Les discussions se poursuivent également sur le
concept de "la bulle" proposé par
l'UE. Des décisions ont été prises au sujet
des méthodologies et des engagements.
Les autres sujets
encore en discussion comprennent: les engagements
volontaires; la conformité réalisée
conjointement; les institutions et mécanismes;
et l'organe du protocole. L'application de
l'Article 18 et de pénalités pour non
conformité reste à décider.
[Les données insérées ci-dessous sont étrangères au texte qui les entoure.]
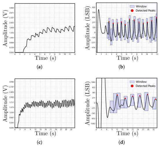 The breath and heart rates were extracted via the PPG signals. Figure 4a,c show the raw PPG signals for the HR and BR, respectively. Therein, one can see a high-frequency component and an envelope. The former is related to the cardiac cycle, whereas the latter is due to the respiratory rate. In Figure 4b,d we show the peaks detected by the PDA and the time window for digital filtering. As expected, the algorithm discards the initial time transients due to motion artifacts, and after a few seconds, starts to find local maxima, marked by red dotted peaks. Furthermore, one can see that the bandwidth is such that the filters operate with a fast response and without distorting the signals.

Une définition
des quantités de GHG est nécessaire pour
l'Article 2. L'absence d'accord sur les Articles
2 et 3 entrave la négociation de l'Article 12.
S'agissant des P&M, il y a trois positions
favorisant respectivement: des P&M
obligatoires; pas de P&M; quelques P&M
non obligatoires.
Au sujet de
l'évaluation de l'information et des
éventuelles décisions liées à l'Article
4.2(f), le Président Oki (Japon) parla des
consultations officieuses sur la question de
l'amendement de la Convention et de ses Annexes.
Luis Herrera (Venezuela) fit part du consensus
sur le remplacement de la Tchécoslovaquie dans
l'Annexe I par la Slovaquie et la République
Tchèque et l'ajout de la Croatie et de la
Slovénie. L'orateur soumit un projet de
décision (FCCC/CP/1997/L.3), lequel fut adopté.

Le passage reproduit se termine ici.